WORK TASK
Reproduce verbatim all of the data given below, but do not carry over the images.

[DATA PROVIDED]

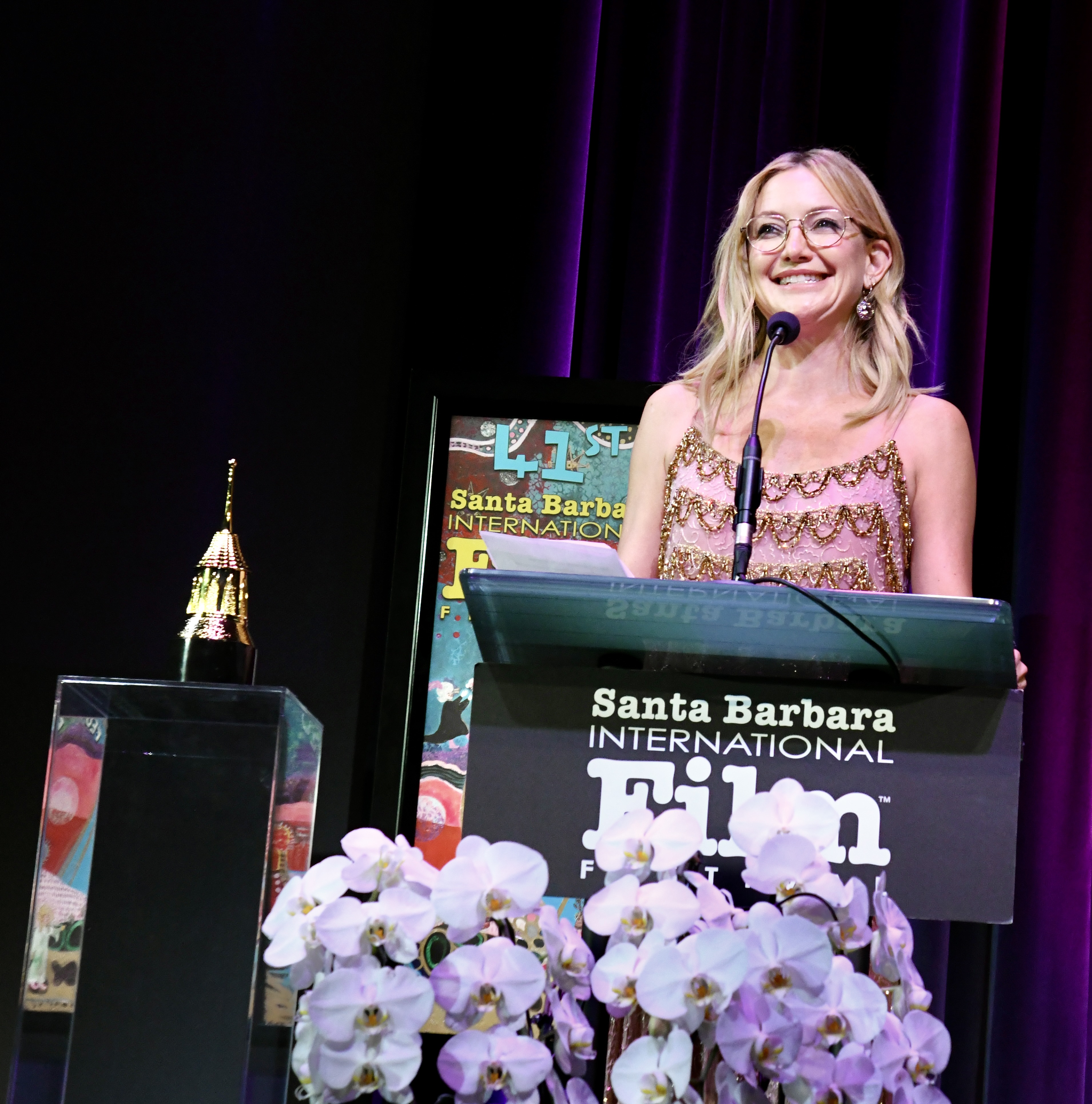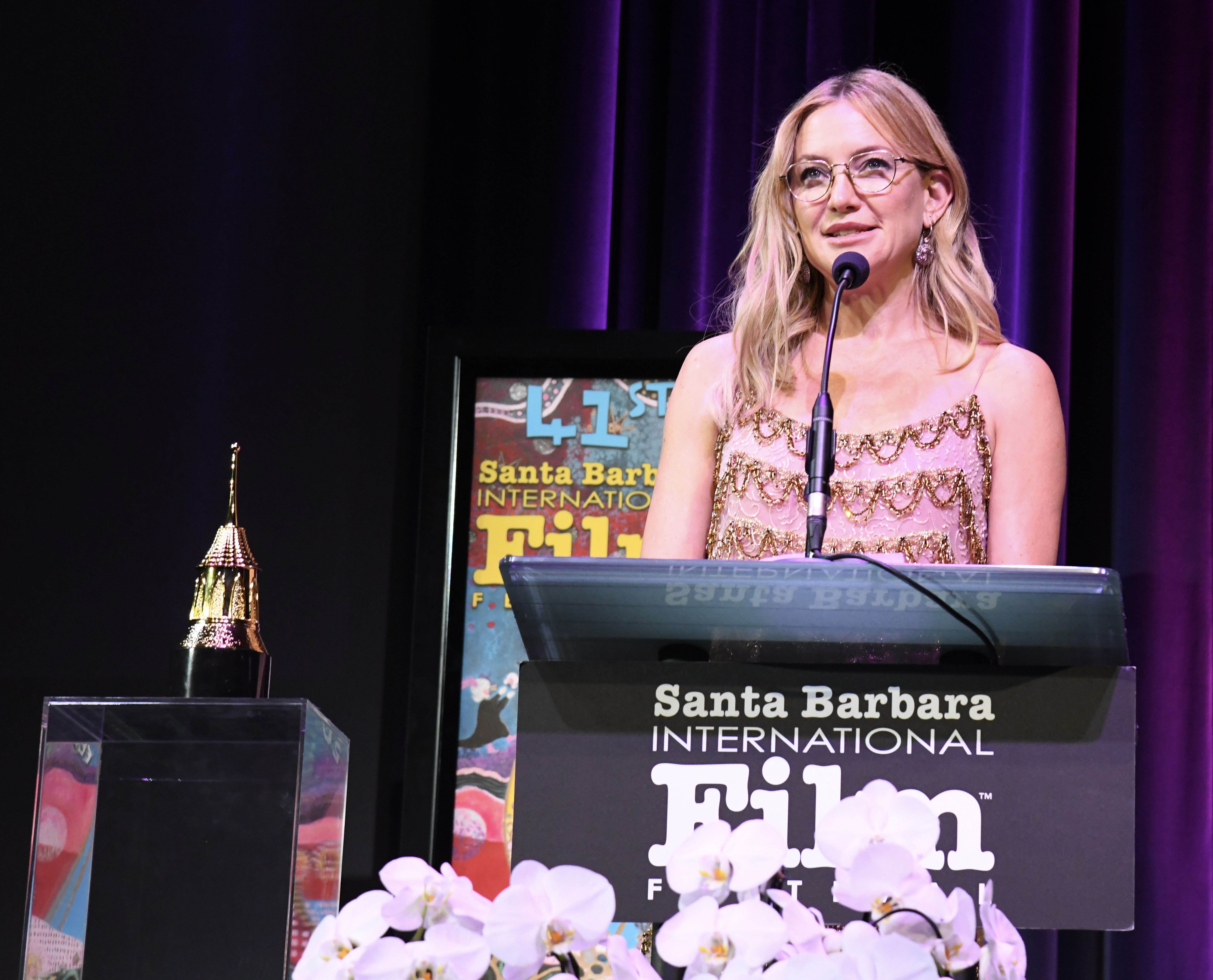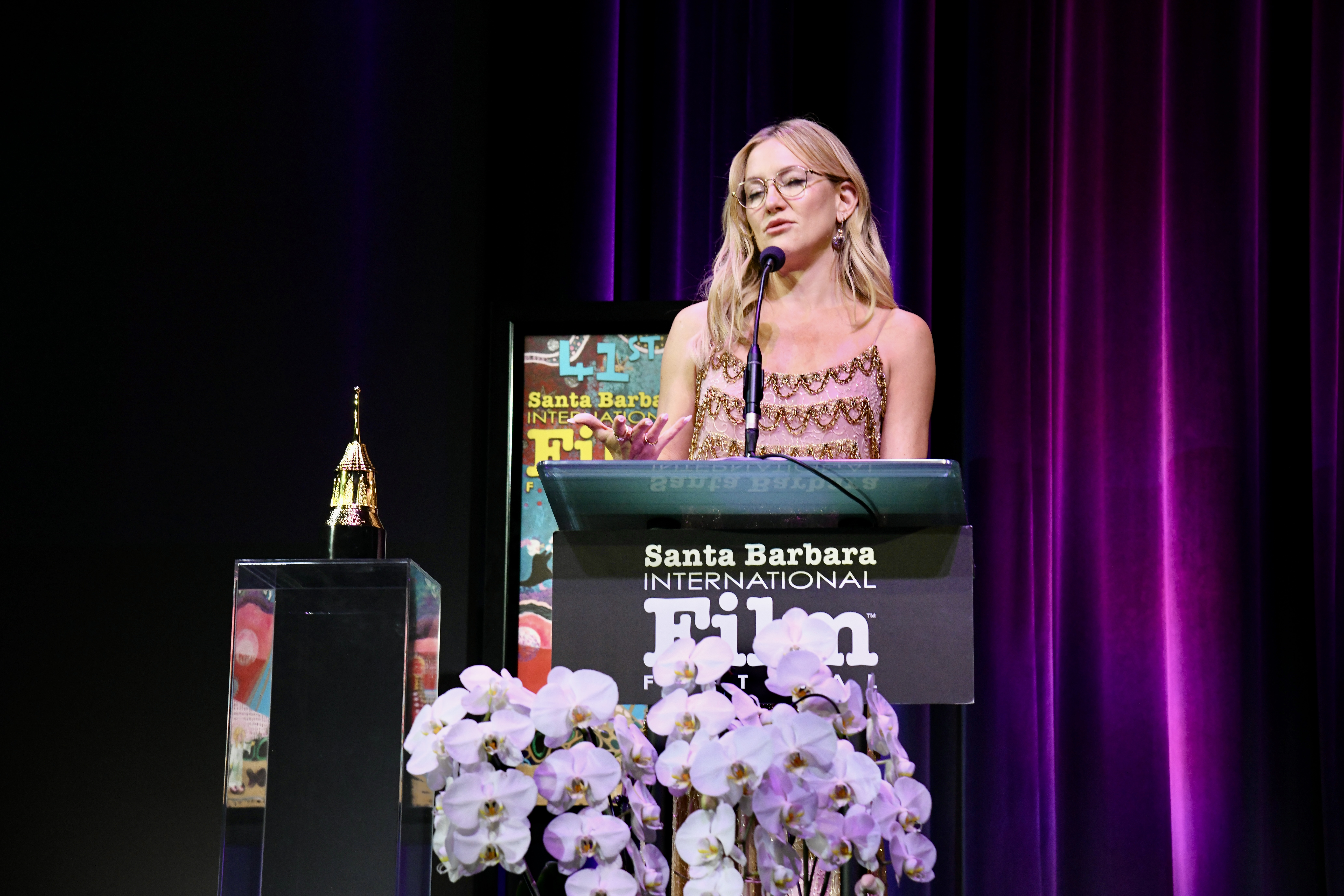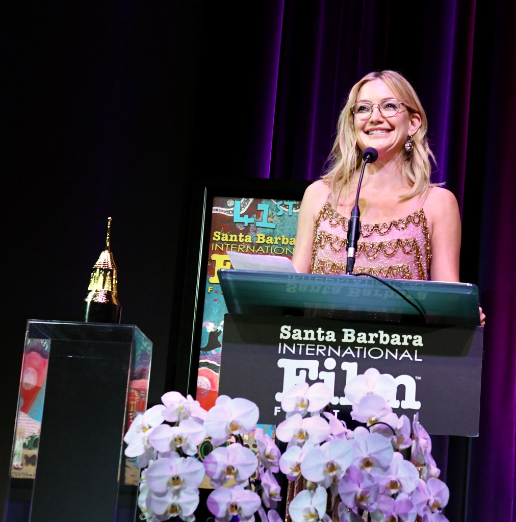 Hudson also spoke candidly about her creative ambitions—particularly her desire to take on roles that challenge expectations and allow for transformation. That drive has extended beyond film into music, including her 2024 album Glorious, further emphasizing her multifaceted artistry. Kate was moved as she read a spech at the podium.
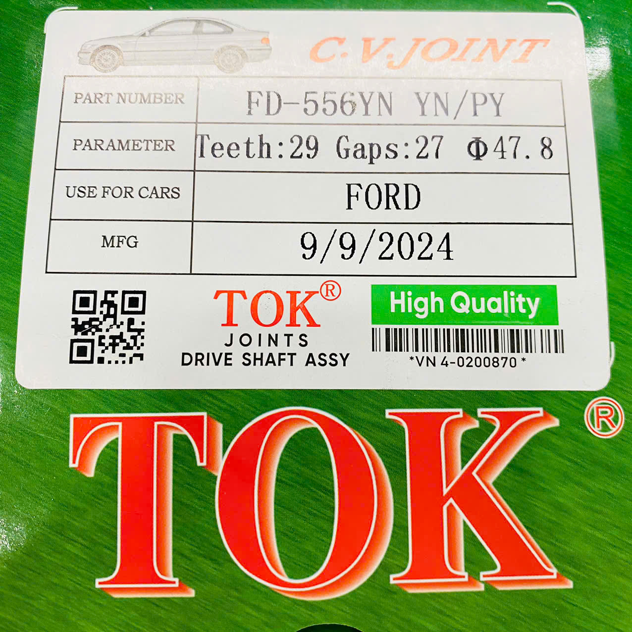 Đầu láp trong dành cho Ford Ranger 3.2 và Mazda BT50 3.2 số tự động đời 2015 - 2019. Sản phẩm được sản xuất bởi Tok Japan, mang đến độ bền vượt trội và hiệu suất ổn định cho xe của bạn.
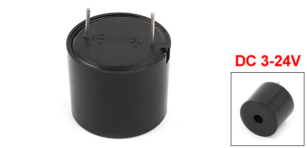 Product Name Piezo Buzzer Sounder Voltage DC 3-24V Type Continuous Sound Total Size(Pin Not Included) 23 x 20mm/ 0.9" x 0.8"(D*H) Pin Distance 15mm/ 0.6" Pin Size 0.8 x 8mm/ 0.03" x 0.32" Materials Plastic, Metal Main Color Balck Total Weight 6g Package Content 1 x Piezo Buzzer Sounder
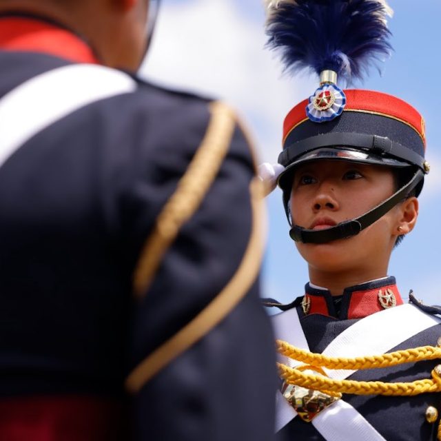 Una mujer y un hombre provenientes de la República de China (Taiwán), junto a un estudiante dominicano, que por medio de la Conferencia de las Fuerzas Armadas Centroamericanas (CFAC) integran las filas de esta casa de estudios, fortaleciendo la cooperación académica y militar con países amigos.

[/DATA PROVIDED]

RESULT FOR THIS EXERCISE
 Hudson also spoke candidly about her creative ambitions—particularly her desire to take on roles that challenge expectations and allow for transformation. That drive has extended beyond film into music, including her 2024 album Glorious, further emphasizing her multifaceted artistry. Kate was moved as she read a spech at the podium.
 Đầu láp trong dành cho Ford Ranger 3.2 và Mazda BT50 3.2 số tự động đời 2015 - 2019. Sản phẩm được sản xuất bởi Tok Japan, mang đến độ bền vượt trội và hiệu suất ổn định cho xe của bạn.
 Product Name Piezo Buzzer Sounder Voltage DC 3-24V Type Continuous Sound Total Size(Pin Not Included) 23 x 20mm/ 0.9" x 0.8"(D*H) Pin Distance 15mm/ 0.6" Pin Size 0.8 x 8mm/ 0.03" x 0.32" Materials Plastic, Metal Main Color Balck Total Weight 6g Package Content 1 x Piezo Buzzer Sounder
 Una mujer y un hombre provenientes de la República de China (Taiwán), junto a un estudiante dominicano, que por medio de la Conferencia de las Fuerzas Armadas Centroamericanas (CFAC) integran las filas de esta casa de estudios, fortaleciendo la cooperación académica y militar con países amigos.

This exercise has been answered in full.